「昭和の家」なので、夏は窓と戸を開け放しておく。まだ家が立て込んでいなかった40年ほど前は、海風が夏井川に沿ってわが家まで届いた。
夏井川の堤防から国道6号をはさんで旧道までは、主に畑が続いていた。畑は今、ほんの少ししか見られない。
涼風は途絶えたが、窓と戸を開け放つ習慣は変わらない。庭からいろんな虫が飛び込んでくるのも、いつもののことだ。
このごろは、尾っぽの先端に白い毛束をつけた虫がちょくちょく現れる=写真。検索すると、シオヤアブの雄だった。
アブは清流の生きもの、という先入観がある。こんな平地にもいるのか(シオヤアブの幼虫は土中暮らし)と、最初は驚いた。
自分のブログで確かめたら、12年前の2010年8月2日付で、夏井川渓谷の隠居でシオヤアブの雌に出合っている。そのときの様子を整理して再掲する。
――8月1日早朝、夏井川渓谷の隠居へ出かけた。1週間ぶりにキュウリを収穫し、三春ネギを間引いたあと、うねの草引きをした。たちまち玉の汗が出た。水を飲み、スポーツ飲料を飲んでは室内で休み、また菜園に戻って草引きをする。〈熱中するな、熱中するな〉と呪文を唱えながら。
そんな作業の合間、扇風機を「強」にして室内で涼んでいると、アブが何かをかかえて目前を横切り、障子に止まった。ニホンミツバチらしいものを押さえつけている。図鑑を見ると、吸血アブではない。体液を吸う肉食アブだ。ムシヒキアブと総称される仲間の一種らしい。
ニホンミツバチが飛んでいたところを急襲した。あごで背中をがっちり押さえつけ、すぐ近くの隠居の中に運び込んで羽を休めた。さあ、これからゆっくり食事をしてやるわい、といったところか。

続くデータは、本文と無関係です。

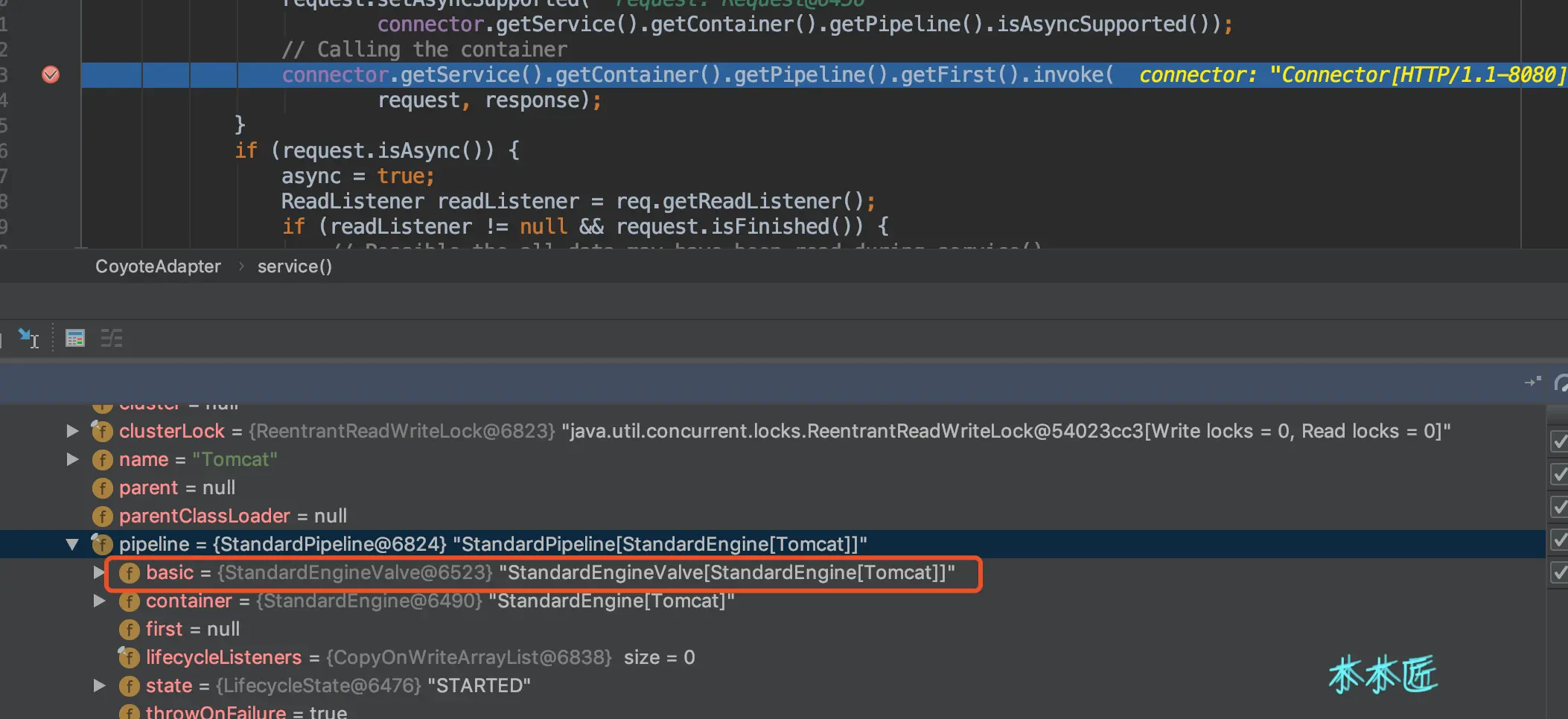 根据如上代码,我们知道了basic是一个管道(Pipeline)中的最后一个阀门,按道理只要最后一个阀门是下一个容器的第一个阀门就可以完成全部的链式调用了。我们用一个请求debug下看看是不是和我们的猜测一样,我们在CoyoteAdapter中的service方法中打个断点,效果如下:

ほぼ1時間半後、アブの有無を確かめたら、廊下をはさんで障子とは反対側のガラス窓にいた。ニホンミツバチをポイと捨ててすぐ外へ飛び去った。
ミツバチは1センチ強。5倍のルーペで細部をみると、背中に針に刺された跡らしいものがあった。腹部を太陽の方に向けると空洞になっていた。
ミツバチは、腹は空洞なのだろうか。そんなことはあるまい。アブが体液を吸い尽くしたために空洞になったのだろう。ものすごいハンターが渓谷にいたものだ――。
このときの写真を見ると、尾の先端には白い毛束がついていない。雌のシオヤアブだとわかる。
すっかり忘れていたが、アブには吸血アブのほかに肉食アブがいる。肉食性といっても、体をムシャムシャ食べつくすというものではない。口吻(こうふん)を差し込んで体液を吸う。それが平地のわが家にも現れた、というわけだ。
幼虫も肉食だという。草むしりをすると、土にまぎれてコガネムシの幼虫が転がり出ることがある。これが好物らしい。で、シオヤアブは益虫扱いされている。
その幼虫も、わが家の庭にいるということか。だとしたら、人間の想像を越えた命の営みがこの小さな庭でも行われている。庭はやっぱり、ワンダーランド。